We weren’t the first there. Both of John and Helen’s kids, Allen and Rachel, had left the nest years ago, so I knew it wasn’t their cars in the driveway. We walked up the driveway and rang the bell, and Helen opened the door. She had a cordless telephone to her ear and looked terribly distracted. “Oh, good, you’re here!.. No, some people at the door…” she then said into the phone. I smiled at Marilyn. Helen kept on with her two way conversation until her husband came up to us, and took the phone from her hands.
He spoke into it. “This is wonderful news, Pumpkin! You come home next week and visit, and your mother can plan the rest of your life for you. Bye!” He hit the END button.
Helen gushed, “Rachel just called! She’s engaged!”
“Congratulations! Now we know what you’re going to spend money on next year, John,” I said, grinning.
“Don’t laugh! You have two,” he replied.
I shrugged. “Maybe I’ll get lucky and they’ll just live in sin.”
That earned me an elbow in the ribs from Marilyn.

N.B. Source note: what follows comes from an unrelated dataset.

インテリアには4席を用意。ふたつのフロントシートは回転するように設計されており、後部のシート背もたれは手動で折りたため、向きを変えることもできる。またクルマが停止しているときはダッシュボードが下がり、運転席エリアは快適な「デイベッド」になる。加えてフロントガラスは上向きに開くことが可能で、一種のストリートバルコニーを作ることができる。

I turned to her, smiling, and found her wagging a finger at me. “My daughters are going to be married in a church!”
“Yes, but are they my daughters? How do I know you didn’t subcontract out the first half of the job? I only know I was there for the second half,” I responded. That earned laughter from the Steiners and spluttering from Marilyn. John led us through the foyer into their living room.
There were five other people in the room, a couple in their late fifties, another couple in their forties, and a young man a few years younger than Marilyn and I. John made the introductions. The older couple were Bob and Millie Destrier, and the younger couple were Rich and Renee Miller. The single guy was Brewster McRiley, otherwise known as ‘Brew.’ I didn’t recognize any of them from anything business related, so I wondered why I was meeting them like this.

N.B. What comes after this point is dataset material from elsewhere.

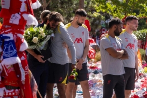 体育资讯7月12日讯 利物浦全队及工作人员在安菲尔德向若塔和安德烈-席尔瓦表示哀悼,与两位兄弟的家人一同缅怀。

John made me a gin and tonic, and Marilyn got a whiskey sour, and we chatted for a bit with the other guests. They seemed to know me, although I didn’t know them. The Destriers were from Frederick, and Bob owned a farm supply operation out there. The Millers and McRiley were from out of town, however, Alexandria, down in Virginia, and I never quite learned where they worked. Bob noticed my cane, which I had left leaning by the archway to the foyer, and asked, “If you don’t mind my asking, how did you hurt your leg?”
“I don’t mind,” I answered. “I used to be a paratrooper, and I made one jump too many. I had a bad landing and had to leave the service.”
“Really? You were in the Army?” asked Rich.
I nodded. “Eighty-Second Airborne. I had a battery of 105s.”
“You were an officer?”
“A captain. Bravo Battery, 1st of the 319th.”
“I was Navy,” replied Rich. We talked for a bit about the service. He had seen duty on a destroyer out of Norfolk after college during the Viet Nam era. I mentioned my father’s service during World War II.